Anggap Persepi Tebang Pilih
Dalam Penjelasannya, Masduri juga mengatakan pihaknya sudah memenuhi semua hal yang diminta oleh Persepi, termasuk memenuhi dua kali undangan dari Persepi yang digelar di Hotel Aston Priority Jalan TB. Simatupang, Jakarta Selatan. Dia menjelaskan, pada pertemuan pertama yang berlangung pada 28 Oktober 2024, hanya ada satu Anggota Dewan Etik, sempat ada upaya menunda pertemuan karena dua Anggota Dewan Etik absen. Namun, pertemuan akhirnya tetap dilanjutkan.

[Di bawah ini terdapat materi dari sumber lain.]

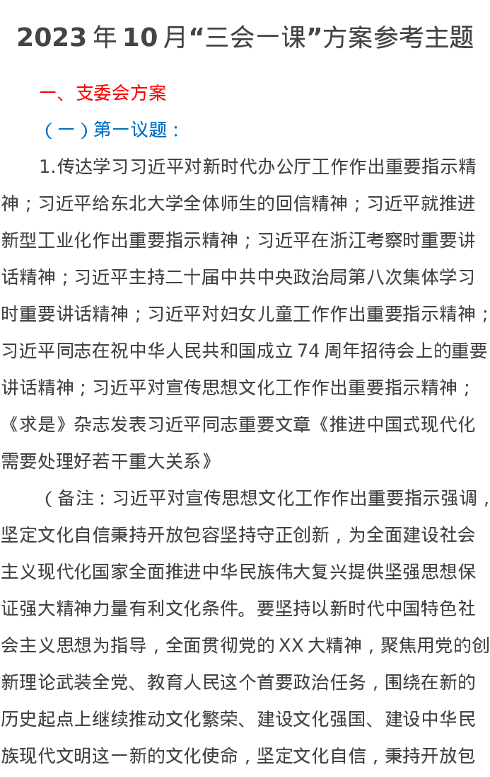 2023年10月“三会一课”方案参考主题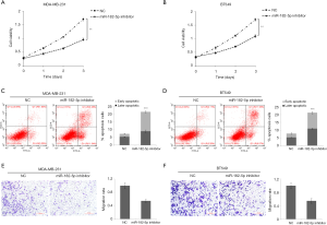 To further determine the role of miR-182-5p in TNBC, we evaluated the effect of miR-182-5p silencing on TNBC cell proliferation, apoptosis, and invasion through function loss experiment. According to the results in Figure 1B, MDA-MB-231 and BT-549 cells with the highest expression level of miR-182-5p were selected as the research objects of the follow-up experiment. CCK8 results manifested that downregulation of miR-182-5p expression significantly inhibited the cell proliferation ability of MDA-MB-231 (Figure 2A) and BT-549 cells (Figure 2B), and the inhibition became more evident with the prolongation of action time. Flow cytometry results evinced that downregulation of miR-182-5p expression significantly increased the apoptosis rate of MDA-MB-231 (Figure 2C) and BT-549 cells (Figure 2D). Transwell results verified that the downregulation of miR-182-5p expression significantly inhibited the invasion rate of MDA-MB-231 (Figure 2E) and BT-549 cells (Figure 2F). The above results suggested that miR-182-5p may contribute to TNBC cell proliferation and invasion and inhibit TNBC cell apoptosis.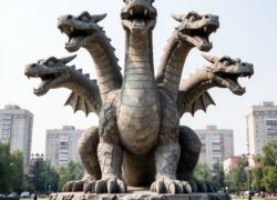 Огромная скульптура дракона высотой 15 метров с остроконечным хвостом, когтями и чешуёй в определённые часы начинает рычать и выпускать из пасти огненные языки. Хотите увидеть это своими глазами???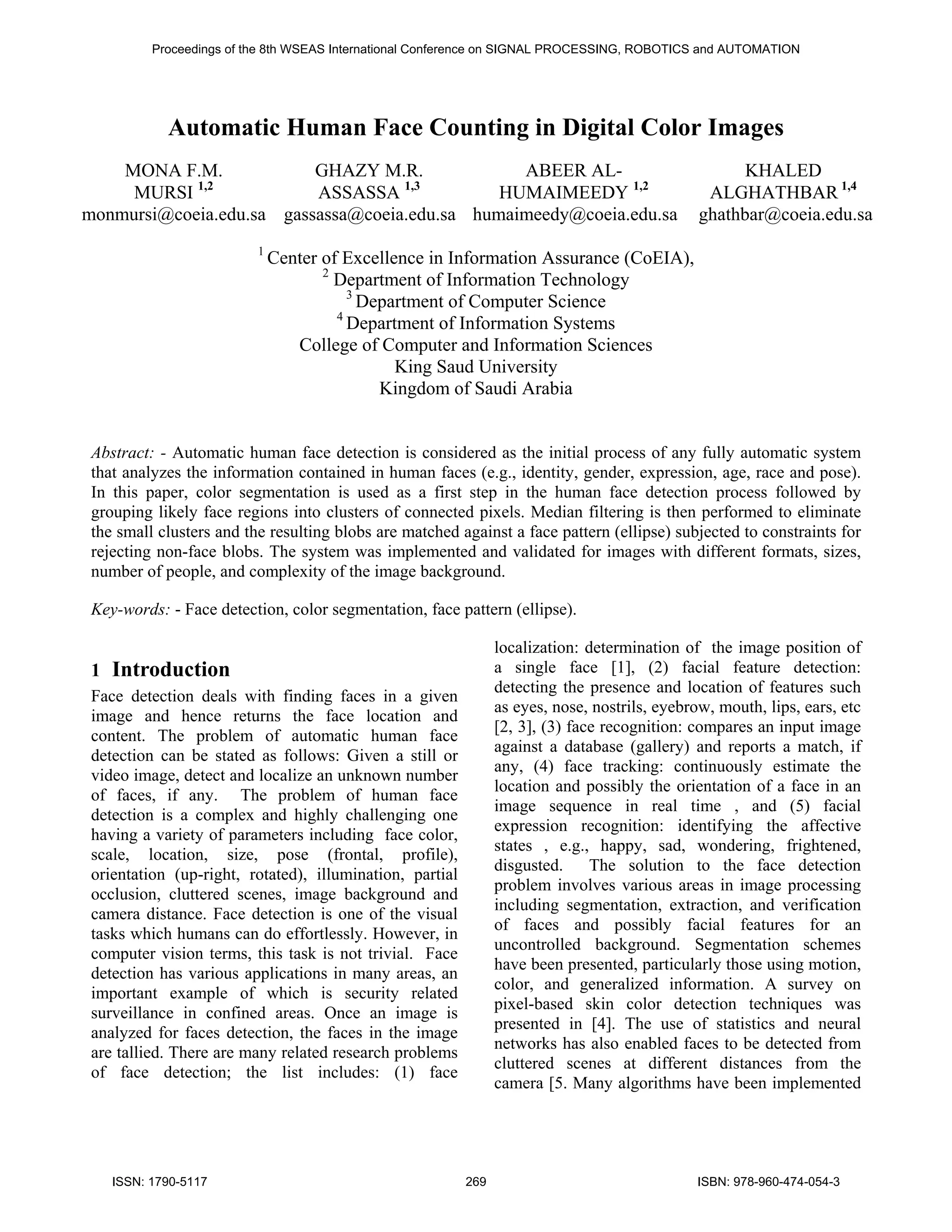 1) The document discusses automatic human face counting in digital color images. Color segmentation is used as the initial step, followed by clustering face regions and median filtering to eliminate small clusters.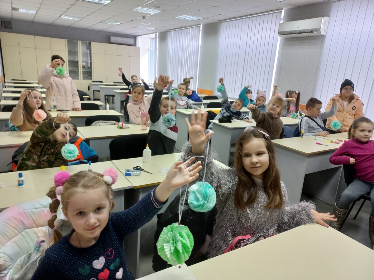 В Університеті АрселорМіттал минулий суботній ранок видався галасливим. Сюди завітали майже 50 дітей працівників наших підприємств, щоб поспілкуватися, весело провести час та навчитися виготовляти святкові поробки.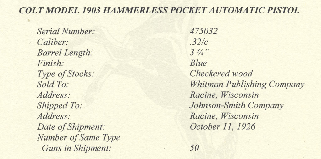Factory letter indicates this pistol was sold to Whitman Publishing Company, Racine, Wisconsin with blue finish and checkered wood stocks and shipped to Johnson-Smith Company, Racine, Wisconsin on October 11, 1926. It was one of 50 in the same shipment.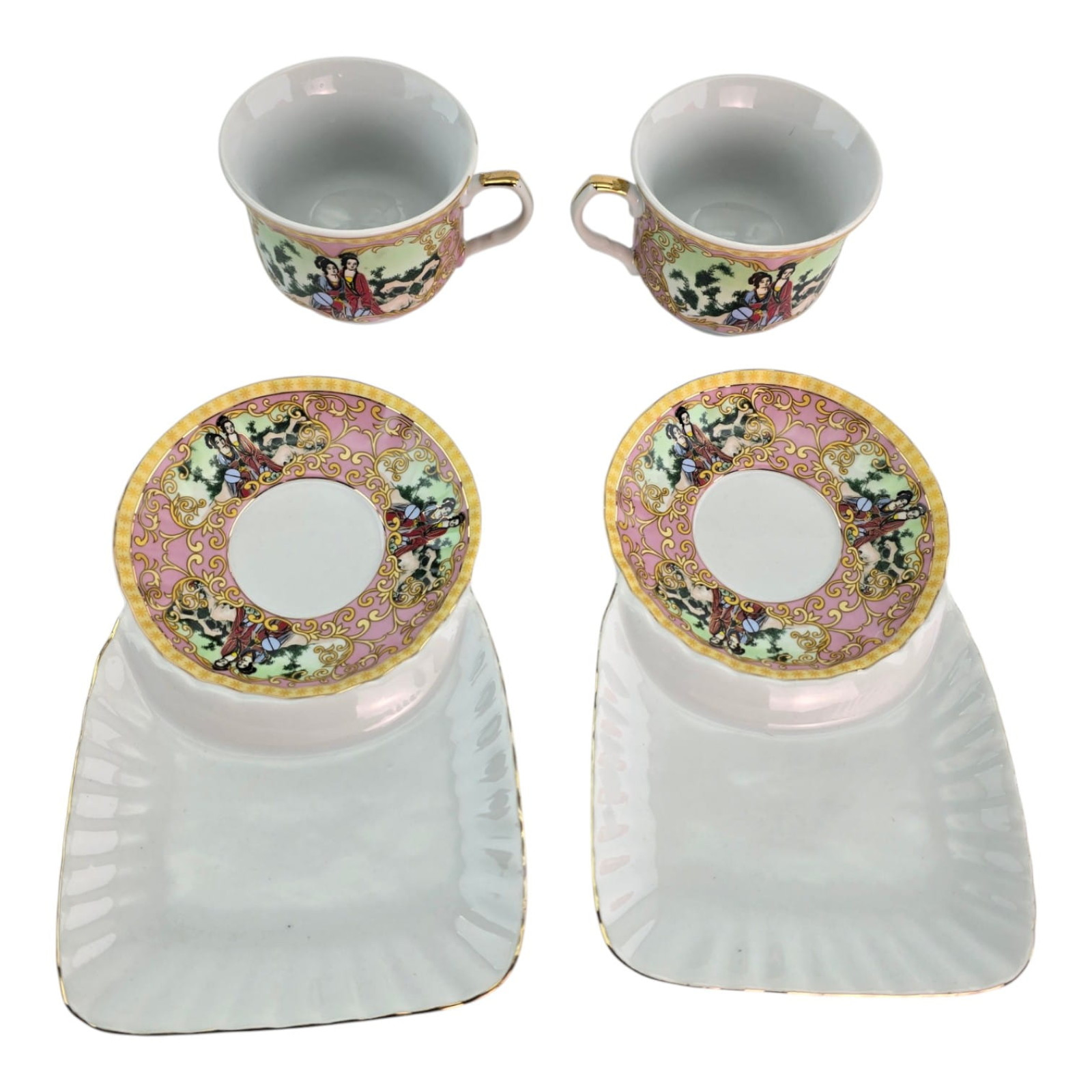 Чашки та блюдця прикрашені яскравим японським декором на рожевий фон: традиційні дівчата в кімоно на тлі природи. Багатий Золотий Орнамент по краю. Страви мають незвичайну квадратну форму з хвилястими краями.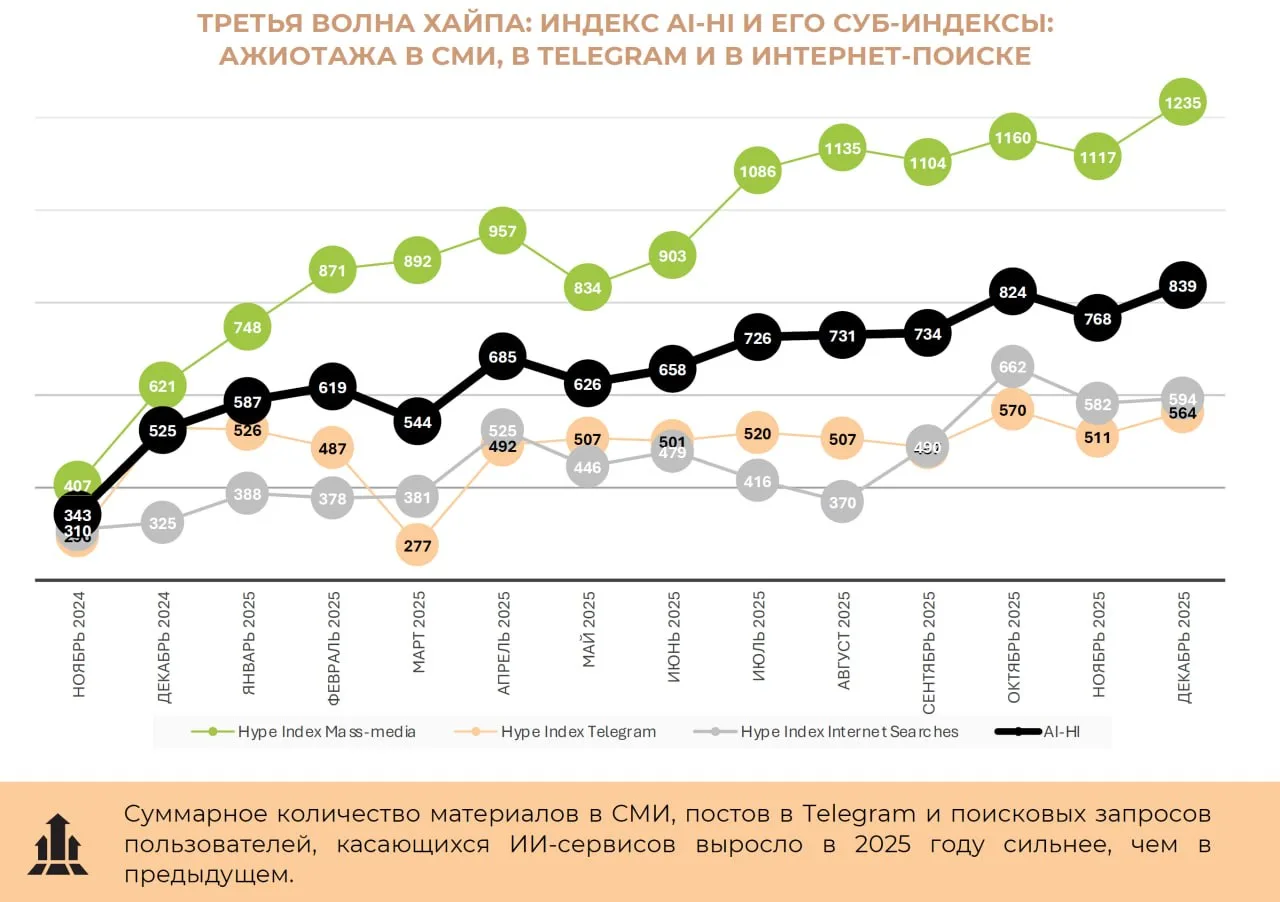 Третья волна ИИ-хайпа, начавшаяся в российском медиаполе в декабре 2024 года, продолжалась весь 2025 год. Несмотря на очевидное насыщение аудитории темой искусственного интеллекта, упоминаемость сервисов в основном росла. Основной индекс AI-HI от @anti_agi вырос год к году на 60% (файл исследования в первом комменте).

Pada Sabtu, 2 November 2024, Poltracking diminta hadir kembali secara mendadak tanpa undangan resmi untuk memberikan keterangan lanjutan pada zoom meeting dengan dewan etik pada hari yang sama. "Sidang berakhir agak bersitegang, karena perbedaan cara pandang mengenai penggantian PSU dan usaha peneliti lapangan kami mendapatkan data jumlah RT dan KK," kata dia.
Dalam keterangannya, Masduri juga mengatakan sebagai asosiasi, dewan etik Persepi mestinya bersikap adil dan imparsial. Memposisikan seluruh anggota Persepi secara setara. Menurutnya, dalam konteks perbedaan hasil survei Pilkada Jakarta, terdapat tiga survei anggota Persepi yang melakukan survei dalam waktu yang berdekatan, Poltracking Indonesia (10-16 Oktober 2024), Lembaga Survei Indonesia (LSI) (10 – 17 Oktober 2024), dan Parameter Politik Indonesia (PPI) (21-25 Oktober 2024).
Dia pun mempertanyakan, Survei LSI yang juga berbeda dengan PPI. Namun Persepi seolah tebang pilih, dan tidak juga ikut menanggil PPI dan tidak membawa hal itu ke Dewan Etik.
"Padahal periode survei LSI dan PPI hanya berjarak 4 hari. Kenapa Persepi hanya memanggil Poltracking dan LSI? Dan sudah mengambil keputusan. Sementara PPI tidak ikut disidang sebagaimana Poltracking dan LSI. Padahal hasil survei PPI mirip dengan survei Poltracking. Mestinya semua disidang untuk dilihat secara adil siapa yang bermasalah di dalam survei ini," kata dia.
Karena itu, pihaknya merasa keputusan dewan etik tidak adil, karena tidak proporsional dan akuntabel dalam proses pemeriksaan terhadap Poltracking dan LSI.
"Poltracking sudah melaksanakan semua Standar Operasional Prosedur (SOP) survei guna menjaga kualitas data. Hal tersebut sudah kami paparkan dan jelaskan kepada dewan etik," tuturnya.